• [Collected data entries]
== Segment start ==

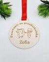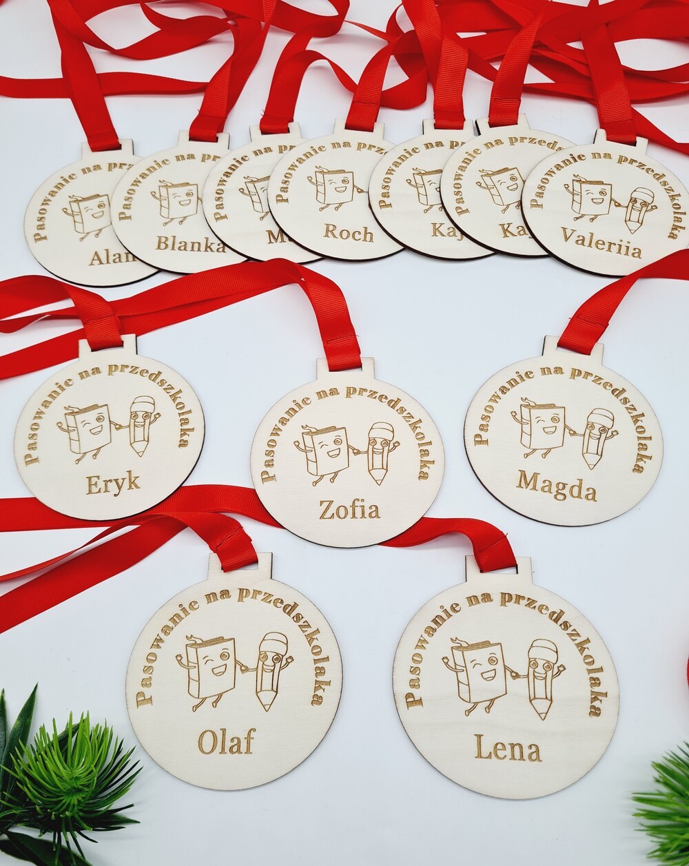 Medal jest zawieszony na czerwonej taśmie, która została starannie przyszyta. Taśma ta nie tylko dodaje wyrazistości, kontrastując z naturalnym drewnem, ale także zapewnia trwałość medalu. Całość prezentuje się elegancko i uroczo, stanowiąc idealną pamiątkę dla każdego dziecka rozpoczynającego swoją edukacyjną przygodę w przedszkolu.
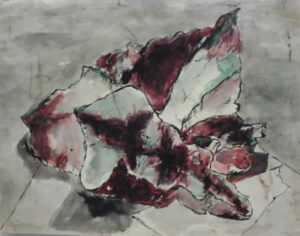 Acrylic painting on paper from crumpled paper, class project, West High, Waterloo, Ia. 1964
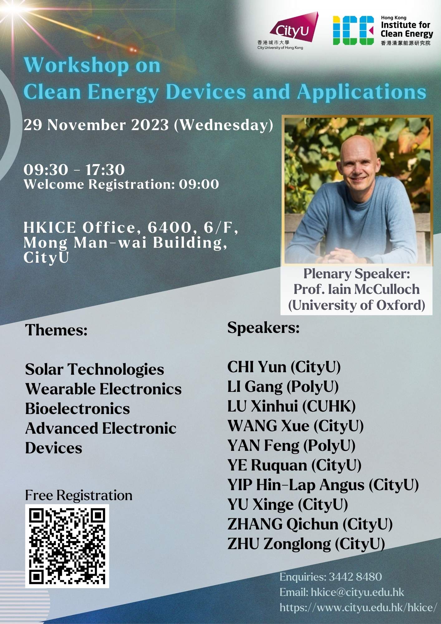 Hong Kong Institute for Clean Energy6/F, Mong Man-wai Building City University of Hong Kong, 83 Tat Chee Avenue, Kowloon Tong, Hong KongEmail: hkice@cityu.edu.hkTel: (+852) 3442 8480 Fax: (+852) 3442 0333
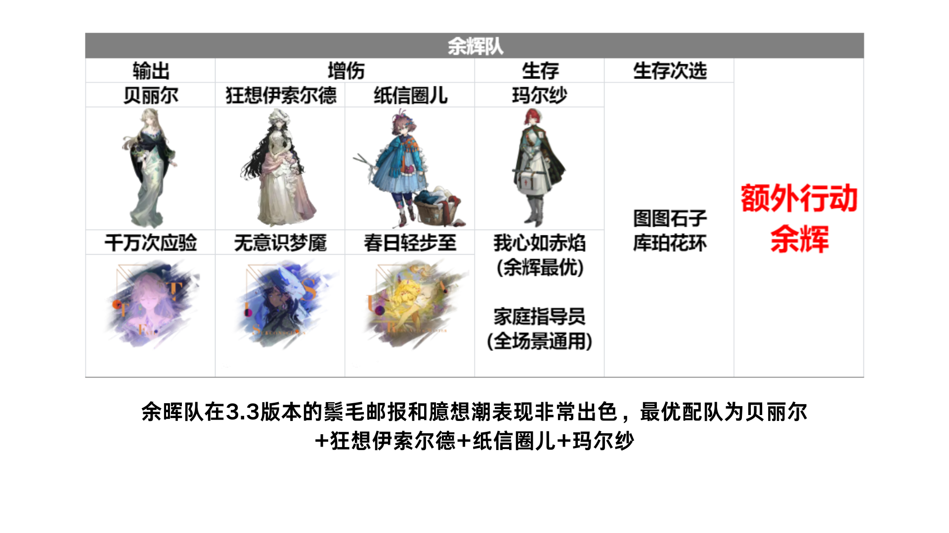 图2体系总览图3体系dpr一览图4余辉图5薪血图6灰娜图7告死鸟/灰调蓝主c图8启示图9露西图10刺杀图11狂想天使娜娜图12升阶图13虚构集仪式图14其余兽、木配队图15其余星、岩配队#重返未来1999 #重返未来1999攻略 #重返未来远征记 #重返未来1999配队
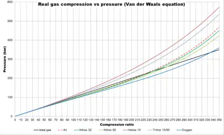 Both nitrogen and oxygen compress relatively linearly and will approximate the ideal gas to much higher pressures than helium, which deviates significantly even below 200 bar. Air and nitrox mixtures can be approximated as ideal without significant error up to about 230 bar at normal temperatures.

== Segment end ==

• [EXERCISE] The answer must be an exact copy of the lines above, from the start of the records through the line with "Acrylic painting on", and of nothing else; no pictures belong in it.

• [RESPONSE TO THIS EXERCISE]
 Medal jest zawieszony na czerwonej taśmie, która została starannie przyszyta. Taśma ta nie tylko dodaje wyrazistości, kontrastując z naturalnym drewnem, ale także zapewnia trwałość medalu. Całość prezentuje się elegancko i uroczo, stanowiąc idealną pamiątkę dla każdego dziecka rozpoczynającego swoją edukacyjną przygodę w przedszkolu.
 Acrylic painting on paper from crumpled paper, class project, West High, Waterloo, Ia. 1964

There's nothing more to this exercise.